Proteomics reveals the overlapping roles of hydrogen peroxide and nitric oxide in the acclimation of citrus plants to salinity

P>Hydrogen peroxide (H2O2) and nitric oxide (center dot NO) are key reactive species in signal transduction pathways leading to activation of plant defense against biotic or abiotic stress. Here, we investigated the effect of pre-treating citrus plants (Citrus aurantium L.) with either of these two molecules on plant acclimation to salinity and show that both pre-treatments strongly reduced the detrimental phenotypical and physiological effects accompanying this stress. A proteomic analysis disclosed 85 leaf proteins that underwent significant quantitative variations in plants directly exposed to salt stress.
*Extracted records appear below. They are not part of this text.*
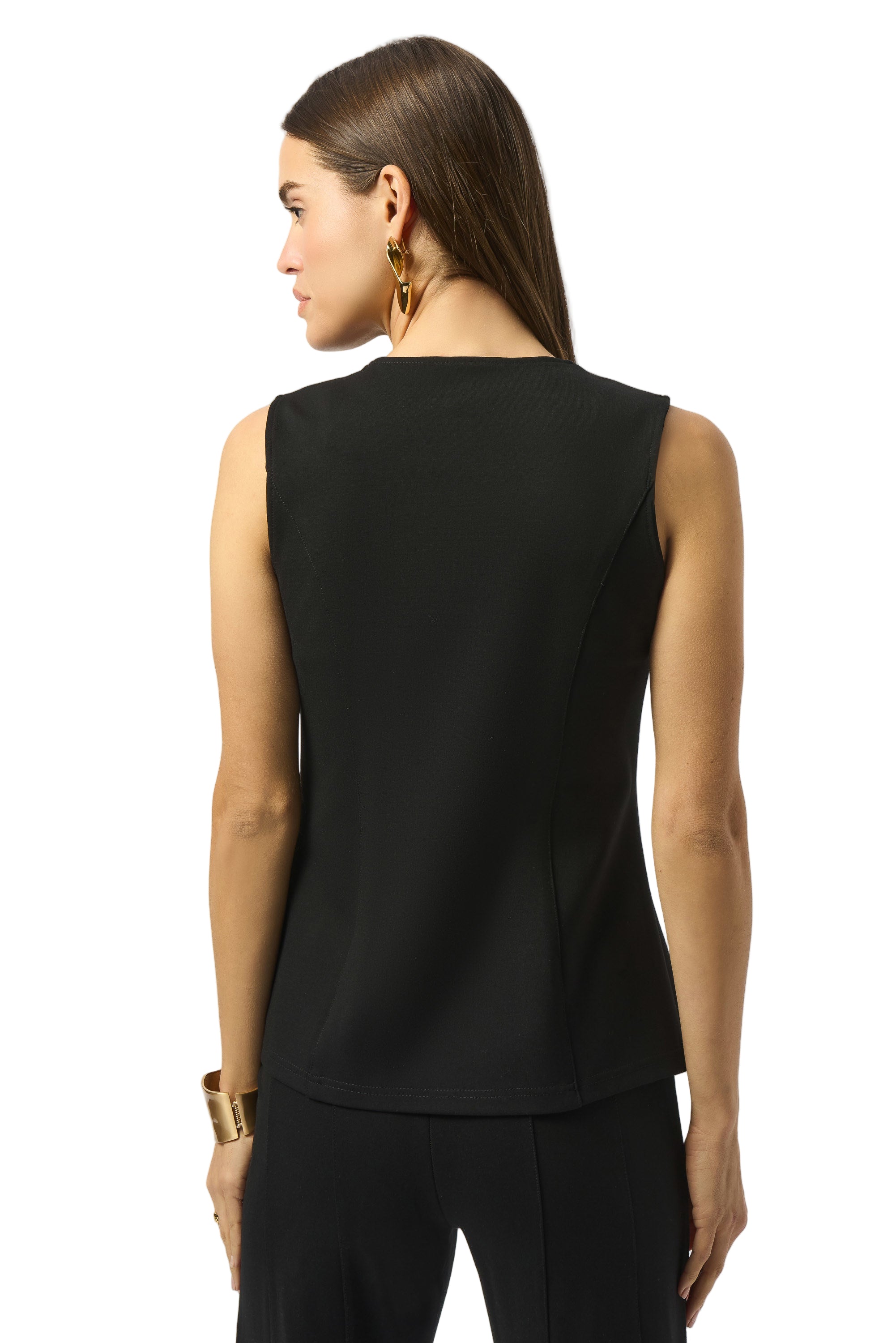 Elevate your style with this chic heavy knit vest. The sleeveless fitted silhouette gives character and poise to any ensemble. Cutaway details at hem and decorative princess line buttons adorn the garment, adding to its remarkable polished look.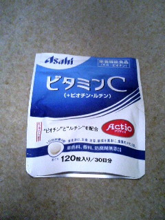 ◎紫外線対策◎ アサヒフード&ヘルスケアのアクティオ ビタミンCです。 今年に入って紫外線を気にするようになって、 ビタミンCのサプリメントを飲むようになりました。 30日分で120粒入り198円でした。 お得ですが、売っているのをあまり見かけません; ビオチンとルチンが入っています。 これを飲むようになって肌が綺麗になってきたような… 気がするようなしないでもないような… 特に嫌いなところもないので、 DHCとコレどっちがいいか考えてリピします!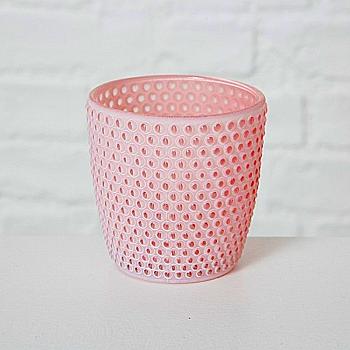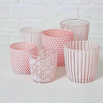 Подсвечник декоративный стеклянный "Patty" h=9 см/d=9 см, лакированый, бело-розовый (3 вида), 9823256/1011517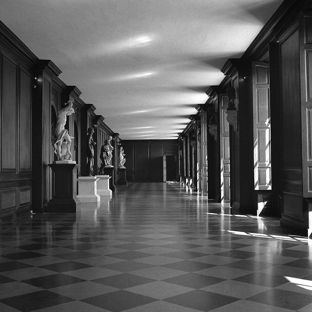 Shooting Kodak TMAX 400 film I was fairly sure that there would not be enough light to hand hold and so I bought a monopod with me. Sure enough in the interiors rooms at ƒ8 I needed 1/8, well within the usable limits of a monopod. Before shooting any interior shots I asked the staff if it was okay to use a monopod. The staff member consulted with a colleague on her walkie-talkie and said that a monopod was okay, however for future reference a tripod was not. At this point, I also established that the photos were not for commercial use and that in effect I was a tourist like the hundreds of others visitors surrounding me, all happily shooting away with their phones and DSLR's - on ISO6400 no doubt. Albeit I was using a rather strange contraption, a film camera.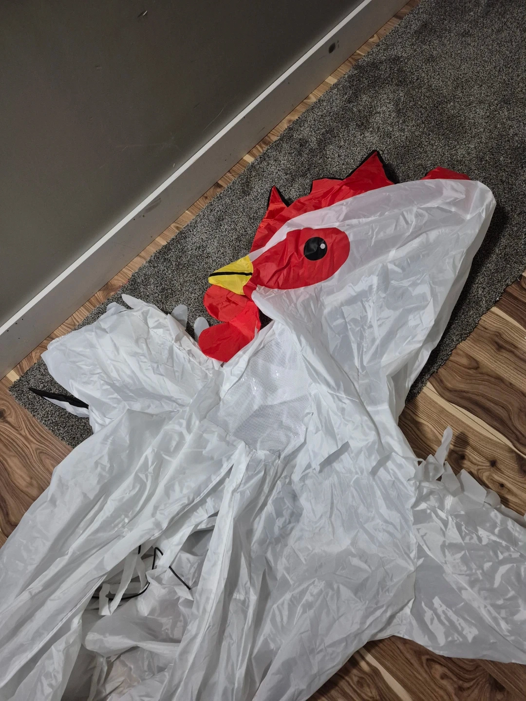 This is an inflatable chicken costume. It's white with a red and yellow rooster head. One size fits most.

A large part of these changes was not observed with salt-stressed plants pre-treated with either H2O2 or sodium nitroprusside (SNP; a center dot NO-releasing chemical). We also identified several proteins undergoing changes either in their oxidation (carbonylation; 40 proteins) and/or S-nitrosylation (49 proteins) status in response to salinity stress. Both H2O2 and SNP pre-treatments before salinity stress alleviated salinity-induced protein carbonylation and shifted the accumulation levels of leaf S-nitrosylated proteins to those of unstressed control plants. Altogether, the results indicate an overlap between H2O2- and center dot NO-signaling pathways in acclimation to salinity and suggest that the oxidation and S-nitrosylation patterns of leaf proteins are specific molecular signatures of citrus plant vigour under stressful conditions.